Si, selon Ugrešić, l’étude du folklore slave représente pour les Européens de l’Ouest et les Américains « leur colonialisme universitaire » et que chez les slaves il cache « dans la plupart des cas des nationalistes en embuscade », quand l’autrice s’en empare c’est pour le retourner en une critique sociale et en user comme d’un remède aux fantasmes du présent. L’ouverture du livre fait état de l’exacerbation, avec l’âge, d’une angoisse qui serait le lot des femmes, c’est-à-dire « le sentiment omniprésent que nul ne la remarquait, qu’elle était invisible ». En cause, le capitalisme sous le règne duquel « l’imagination humaine n’avait plus que le corps comme refuge ». Dès lors qu’il n’est plus possible de « modeler, renforcer et conformer à son idéal » le corps des femmes âgées, celles-ci doivent se cantonner à « devenir par mimétisme un troisième sexe, un sexe sans sexe, et vivre [leur] vie parallèle et invisible ». Les héroïnes d’Ugrešić, restées yougoslaves dans l’âme, crachent sur ces normes (« vieillir dignement, c’est de la merde ! ») et s’en indignent. Toujours vive, la prose de Dubravka Ugrešić s’apparente alors parfois à une version balkanique des premières pages du King Kong théorie de Virginie Despentes : « Imaginons la colossale armée des « folles », des clochardes, des mendiantes, des femmes au visage brûlé à l’acide, des femmes lapidées qui ont survécu… »

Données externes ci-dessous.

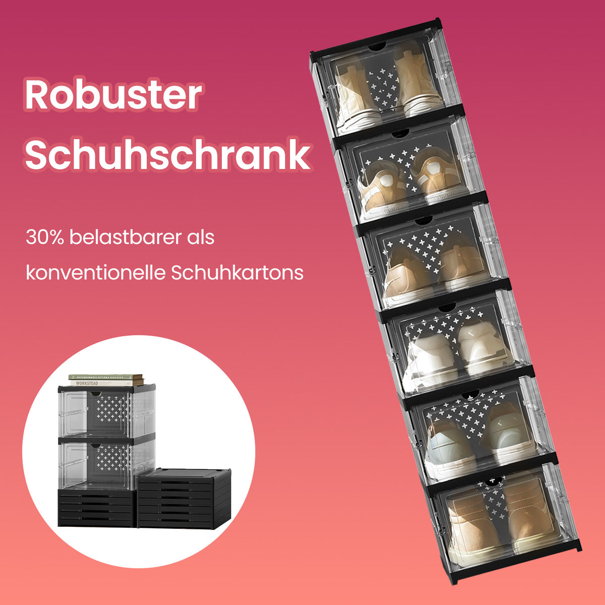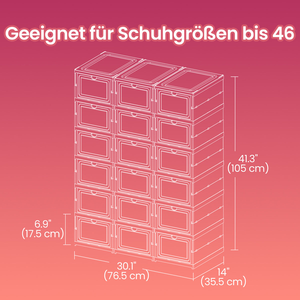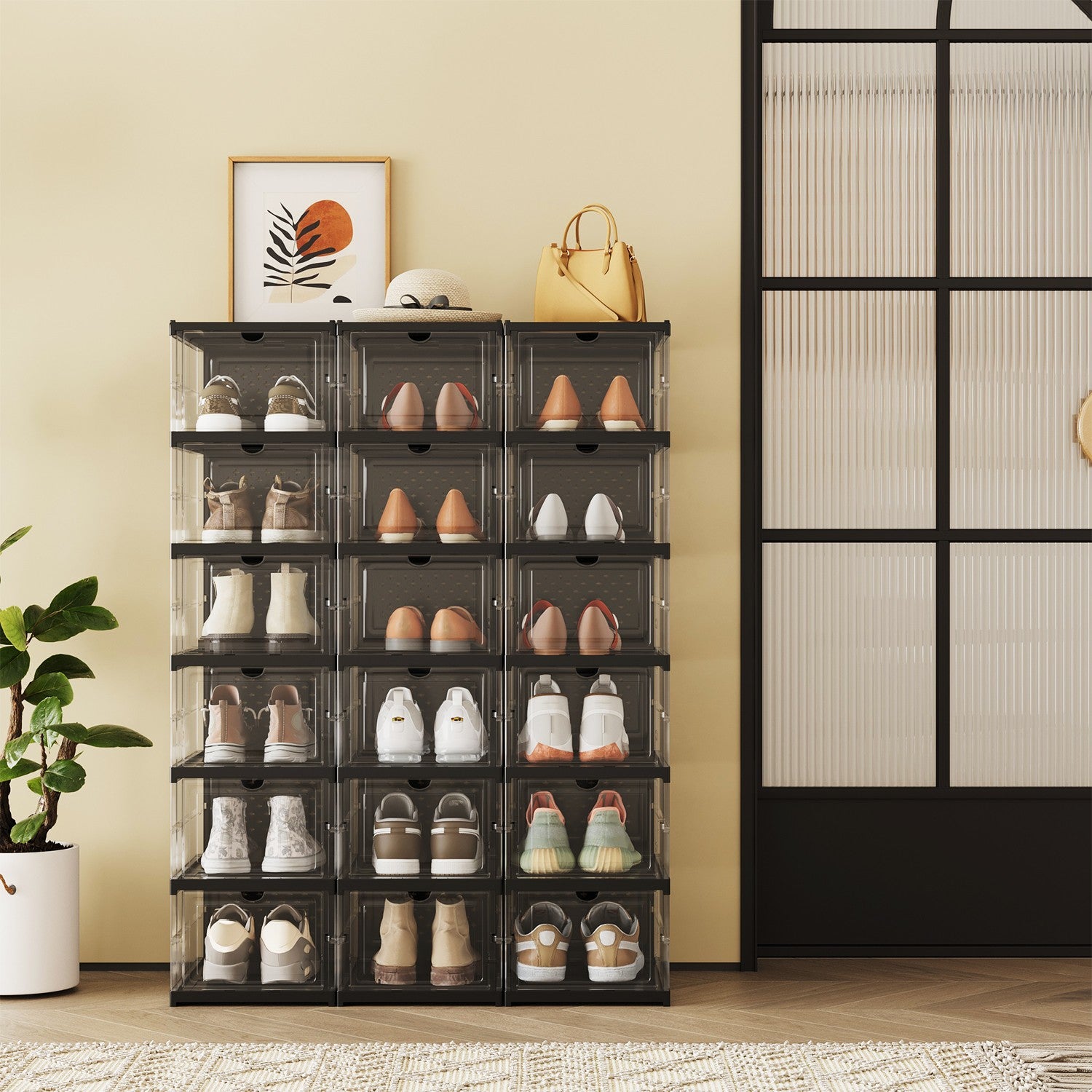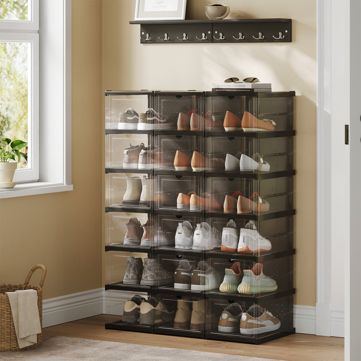 Schoenenkastset van 3, met 18 schoenendozen, geïntegreerde schoenenorganizer 5 x 105 cm - LSPB35207B01
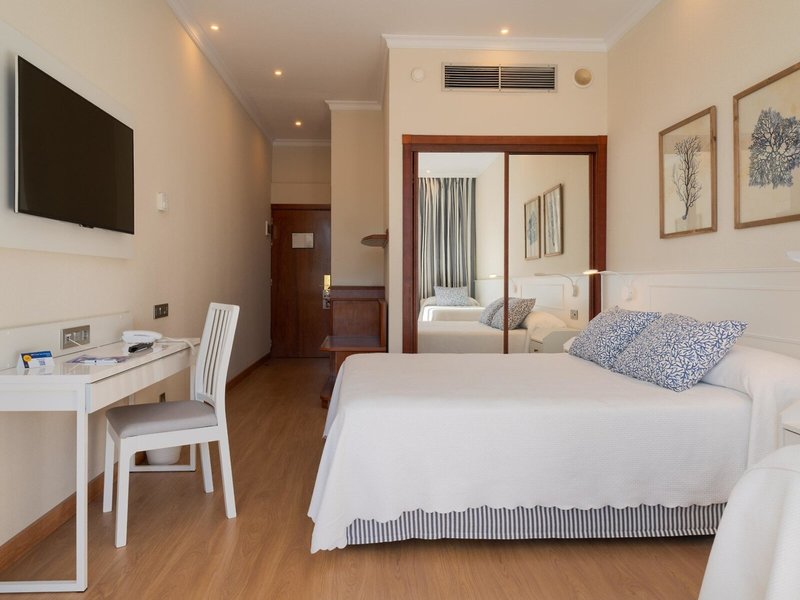 - Doppelzimmer Confort Meerblick (DZM1), Doppelzimmer, Nichtraucherzimmer, im Hauptgebäude, Meerseite, Meerblick, Gartenblick, ca. 23 m², letzte Komplettrenovierung 2020, Gesamtanzahl der Räume in diesem Zimmertyp: 1, Aufteilung wie folgt: 1 Schlafzimmer, Babybett: ohne Gebühr, Klimaanlage: individuell regelbar, Fußboden: Laminat, Safe: gegen Gebühr, Schreibtisch, Minibar: gegen Gebühr, Telefon, Internet: WLAN/WiFi: ohne Gebühr, Fernseher: Flatscreen, deutsches Programm, Sat-TV, Roomservice: gegen Gebühr, Reinigungsservice, Badewanne oder Dusche, WC, Föhn, Balkon oder Terrasse: mit Sitzgelegenheit
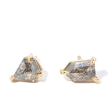Petra, a pair of contemporary kite cut studs, sparkles with the unique allure of salt and pepper diamonds, cradled in the warmth of 9 carat gold.
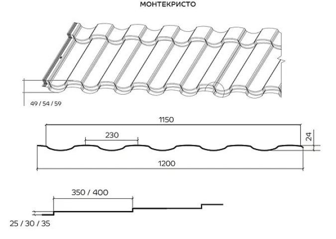 Симметричный профиль новой металлочерепицы МОНТЕКРИСТО придаст вашему дому элегантную сдержанность и строгость. Добиться ещё большей индивидуальности вы сможете, самостоятельно выбрав высоту ступеньки (25/30/35 мм) и её длину (350/400 мм). На массивных скатах будут гораздо уместнее смотреться более крупные фрагменты черепицы с максимальными размерами. Металлическая кровля с профилем МОНТЕКРИСТО имеет большую палитру цветов и полимерных покрытий, впечатляющие технические характеристики. Улучшенная форма бокового замка с двойной капиллярной канавкой обеспечивает герметичность соединений. Толщина стали не менее 0,5 мм и обрезка кромки по форме волны обеспечивают безупречную геометрию листов и маскируют горизонтальные соединения. Эта металлочерепица способна прослужить более 50 лет.
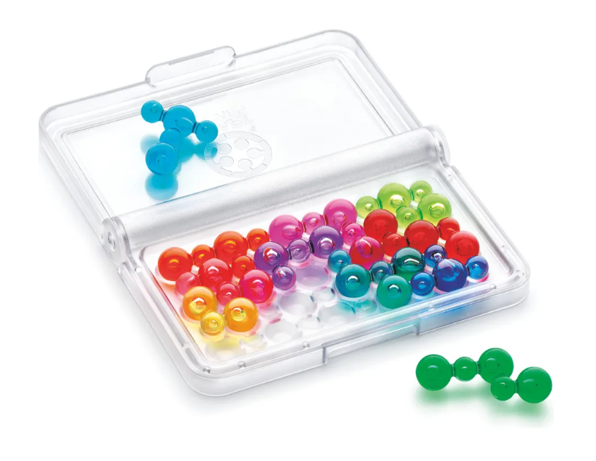 Con IQ Los Juegos de Smart Games. ¡Hacé que todas las piezas del rompecabezas 3D encajen en el tablero de juego de tal manera que se convierta en una imagen (plana) 2D! Una de las caras que sobresalen de cada pieza del rompecabezas tiene 1 bolita, y la otra cara tiene 2 bolitas. Por eso, dependiendo de cómo orientes la pieza, vas a obtener más o menos bolitas. Cuando esté resuelto, todas las piezas van a entrar en el tablero de juego sin que quede ningún agujero sin tapar.

La supposée inadaptation au monde de ces femmes est conjurée par l’écriture, encore et encore, de leurs corps. Tout à la fois hilarantes et bouleversantes, les descriptions physiques de ces « créatures » se succèdent en un torrent verbal et les font exister dans un réel charnu et pluriel. L’une est « un reste d’être humain, un gratton humanoïde », une autre a « une poitrine si énorme qu’elle l’entraînait de tout son poids vers l’avant ». Ugrešić est sans pitié précisément parce qu’elles n’en ont guère besoin. Leur corps, fruit de la métamorphose des années, inspire à un jeune homme bosnien le sentiment « de se trouver face à une antique divinité ». Elles ne sont plus tout à fait humaines, leurs os étant devenus « creux et légers comme ceux des oiseaux ». Comme ces derniers, elles sont légion et, riches des connaissances et des expériences d’une vie, libres de s’envoler. À la fin du livre, la mystérieuse Dr Bagay se sent prête à effectuer sa mue vers la vieillesse : « Je n’ai plus que quelques heures humaines à vivre, avant que mes lèvres ne s’étirent en bec, que mes doigts ne se transforment en serres, que ma peau ne se couvre de plumes noires et brillantes… »

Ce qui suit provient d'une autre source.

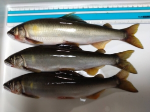 土曜日、渚で26㎝の鮎が釣れました。
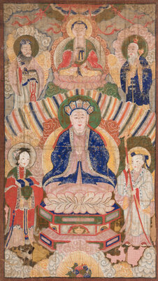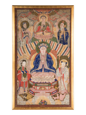 Depicting a crowned seated figure flanked by attendants, below a Buddha flanked by Immortals
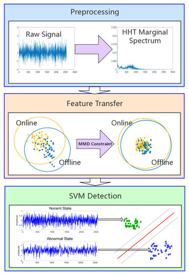 In this section, we propose a robust detection method for incipient fault. As the boundary between normal state and early fault state is generally not obvious, the proposed method firstly conducts robust state assessment on multiple training bearings by applying deep transfer learning. Using the obtained normal state data and early fault state data of training bearings, an offline detection model is established on an SVM classifier. In the online stage, by feeding each data batch of target bearing into the offline SVM classifier sequentially, we can determine whether this data batch contains an early fault or not. Here, the effect of deep transfer learning is to get a common feature representation of training bearings data in a normal state, while the robust state assessment is dedicated to obtaining as accurate a label as possible for training the SVM classifier.
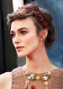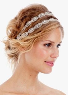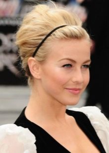 Another very popular hairstyle - laying "under the hoop." A round bezel is put on the head, and hair from one temple to another is hidden under it through the bottom. Thus, it turns out the "Greek" styling. Variants of such a hairstyle are hair styling not only under the bezel, but also under a wide elastic band, ribbon or even (if you have the appropriate skill) under a silk scarf.
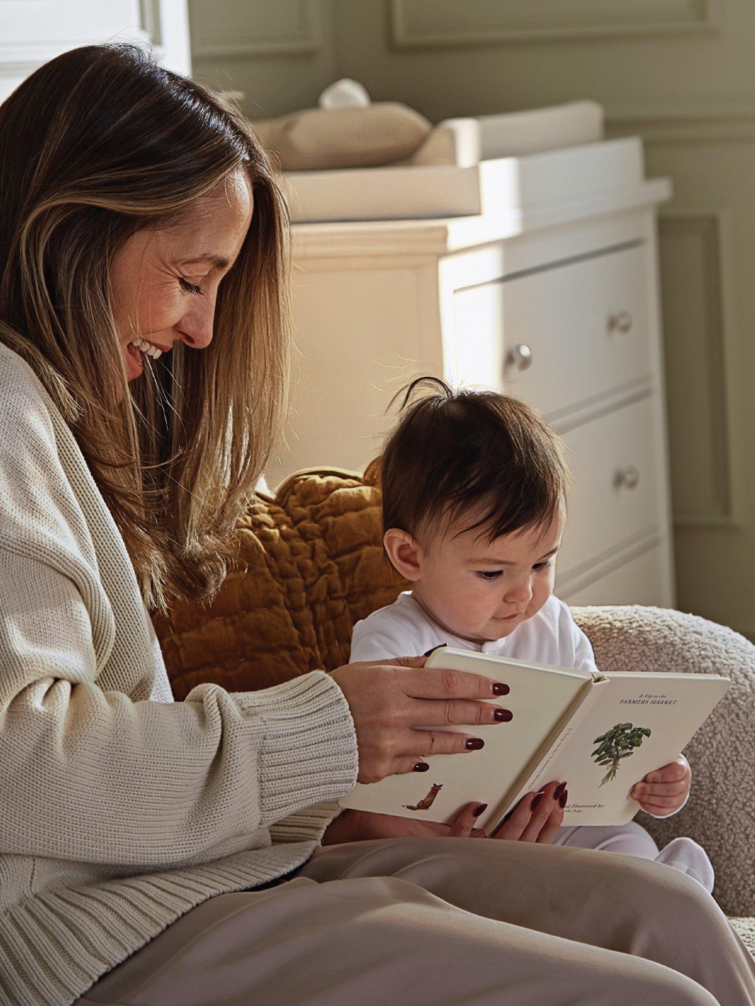 Combining generous proportions with a warm, textured finish, the wider seat of this nursing chair creates a comfortable space for feeding, cuddling and shared moments.
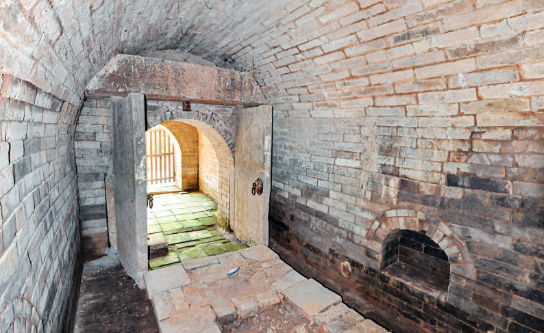 洪保墓内部,位于南京市江宁区祖堂山。尽管古墓曾遭到盗劫,但里面出土了非常完整的《洪保寿藏铭》。和其他墓志不同的是,2010 年南京祖堂山出土的《寿藏铭》是洪保生时所立,还详载与郑和相关的航海事迹,为研究郑和船队的重要文物
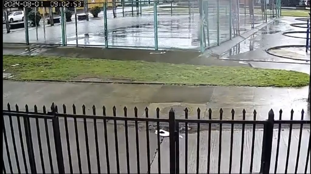 Afortunadamente, en el momento que cayó la estructura metálica, no habían personas en el lugar.
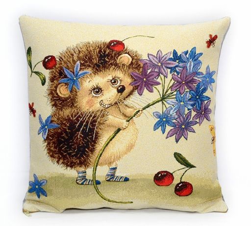 Веселый ёжик Цветочек- гобеленовая наволочка 45х45см

Décriée par la presse croate comme une « sorcière » antipatriotique, Dubravka Ugrešić a quitté son pays quelques années après la dislocation de la Yougoslavie. Depuis Amsterdam ou Berlin, cette écrivaine de l’exil écrit et réécrit la Yougoslavie perdue, que ce soit dans Le ministère de la douleur (2004) ou dans Le musée des redditions sans condition (1998). Elle procède par montages de fragments épars, collection de vieux objets qui ont la valeur inestimable de ce qui n’est plus, comme pour recomposer et rendre visible à nouveau, de mémoire, ce monde passé. Dans Baba Yaga a pondu un œuf, ses vieilles femmes ont l’invisibilité en partage avec leur pays disparu des cartes : « la même peur de disparaître, le même désir de laisser leur marque, de s’inscrire sur la carte ». À l’image du corps des femmes âgées comme de la Yougoslavie démembrée, le livre, déséquilibré à dessein, accumule des morceaux de « babayagalogie » et part dans plusieurs directions, autant d’histoires, de tableaux, de scènes de liesse et de vieillesse. Le projet féministe de Dubravka Ugrešić rencontre la yougo-nostalgie. Baba Yaga a pondu un œuf a tous les atours d’une farce et oscille finalement entre ode aux vieilles de l’époque du communisme et brûlot féministe.